::: Provided data
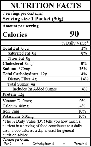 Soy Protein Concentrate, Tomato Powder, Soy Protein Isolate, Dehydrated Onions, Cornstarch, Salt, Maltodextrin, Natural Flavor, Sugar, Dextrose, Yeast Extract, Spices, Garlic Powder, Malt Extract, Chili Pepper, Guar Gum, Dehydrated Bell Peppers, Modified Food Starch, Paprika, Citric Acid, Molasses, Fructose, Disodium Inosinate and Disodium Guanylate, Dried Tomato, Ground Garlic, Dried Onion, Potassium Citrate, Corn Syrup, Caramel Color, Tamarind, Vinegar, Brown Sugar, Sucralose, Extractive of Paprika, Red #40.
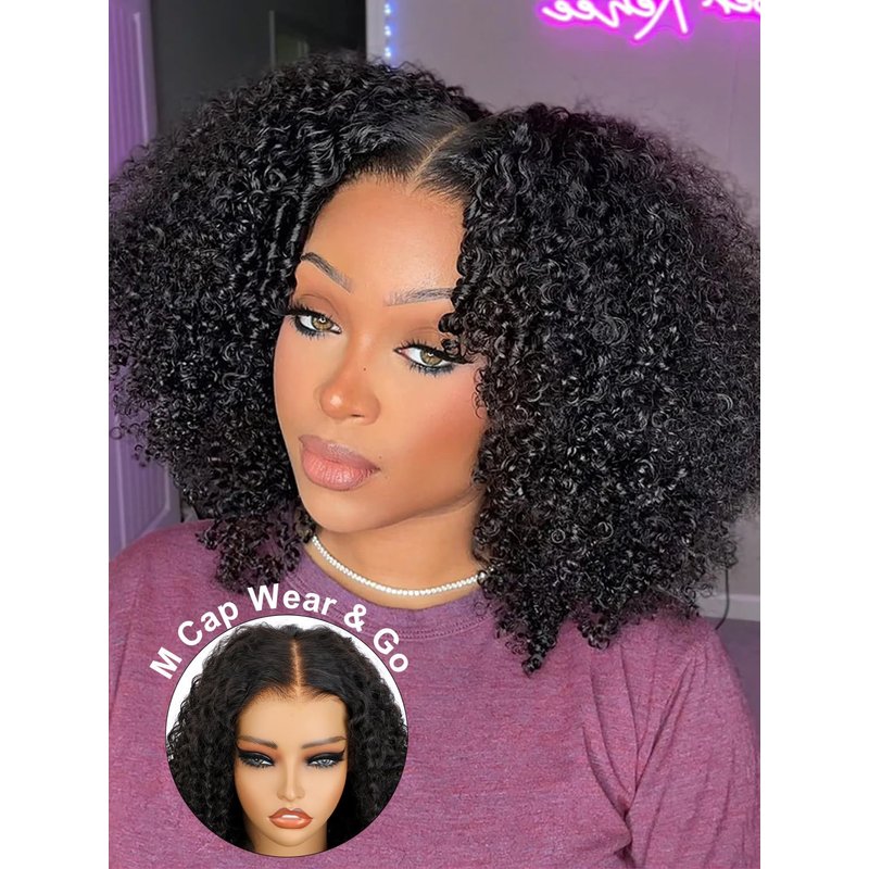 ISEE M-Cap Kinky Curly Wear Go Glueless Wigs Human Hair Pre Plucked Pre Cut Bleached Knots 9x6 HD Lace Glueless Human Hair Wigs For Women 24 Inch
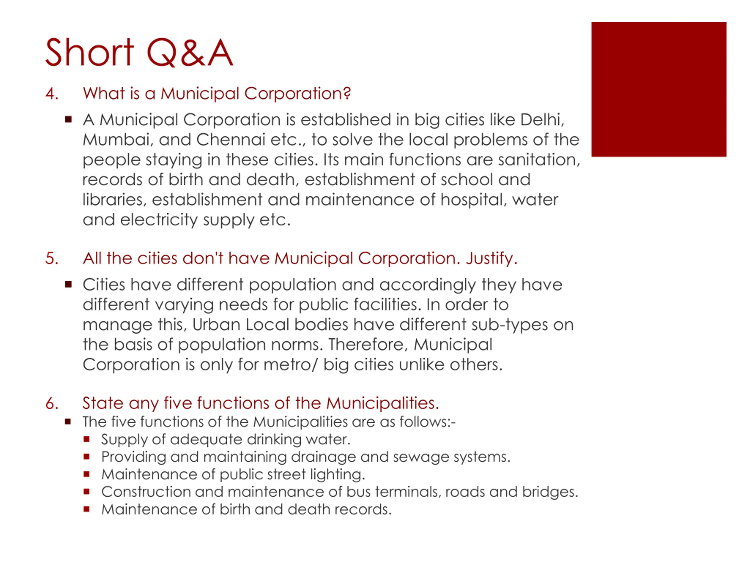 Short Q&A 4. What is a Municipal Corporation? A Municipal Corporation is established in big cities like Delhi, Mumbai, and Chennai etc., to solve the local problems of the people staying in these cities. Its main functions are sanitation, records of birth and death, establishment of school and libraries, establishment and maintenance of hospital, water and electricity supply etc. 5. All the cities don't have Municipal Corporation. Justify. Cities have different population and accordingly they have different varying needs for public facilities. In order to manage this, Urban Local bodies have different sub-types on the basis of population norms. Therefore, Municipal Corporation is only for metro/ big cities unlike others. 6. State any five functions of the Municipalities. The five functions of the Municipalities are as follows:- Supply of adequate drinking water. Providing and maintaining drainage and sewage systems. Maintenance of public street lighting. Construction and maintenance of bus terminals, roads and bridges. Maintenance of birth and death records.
::::::
■ Problem details ■
The reply should consist of the listing restated word for word, with its pictures removed.

■ Answer to the problem ■
 Soy Protein Concentrate, Tomato Powder, Soy Protein Isolate, Dehydrated Onions, Cornstarch, Salt, Maltodextrin, Natural Flavor, Sugar, Dextrose, Yeast Extract, Spices, Garlic Powder, Malt Extract, Chili Pepper, Guar Gum, Dehydrated Bell Peppers, Modified Food Starch, Paprika, Citric Acid, Molasses, Fructose, Disodium Inosinate and Disodium Guanylate, Dried Tomato, Ground Garlic, Dried Onion, Potassium Citrate, Corn Syrup, Caramel Color, Tamarind, Vinegar, Brown Sugar, Sucralose, Extractive of Paprika, Red #40.
 ISEE M-Cap Kinky Curly Wear Go Glueless Wigs Human Hair Pre Plucked Pre Cut Bleached Knots 9x6 HD Lace Glueless Human Hair Wigs For Women 24 Inch
 Short Q&A 4. What is a Municipal Corporation? A Municipal Corporation is established in big cities like Delhi, Mumbai, and Chennai etc., to solve the local problems of the people staying in these cities. Its main functions are sanitation, records of birth and death, establishment of school and libraries, establishment and maintenance of hospital, water and electricity supply etc. 5. All the cities don't have Municipal Corporation. Justify. Cities have different population and accordingly they have different varying needs for public facilities. In order to manage this, Urban Local bodies have different sub-types on the basis of population norms. Therefore, Municipal Corporation is only for metro/ big cities unlike others. 6. State any five functions of the Municipalities. The five functions of the Municipalities are as follows:- Supply of adequate drinking water. Providing and maintaining drainage and sewage systems. Maintenance of public street lighting. Construction and maintenance of bus terminals, roads and bridges. Maintenance of birth and death records.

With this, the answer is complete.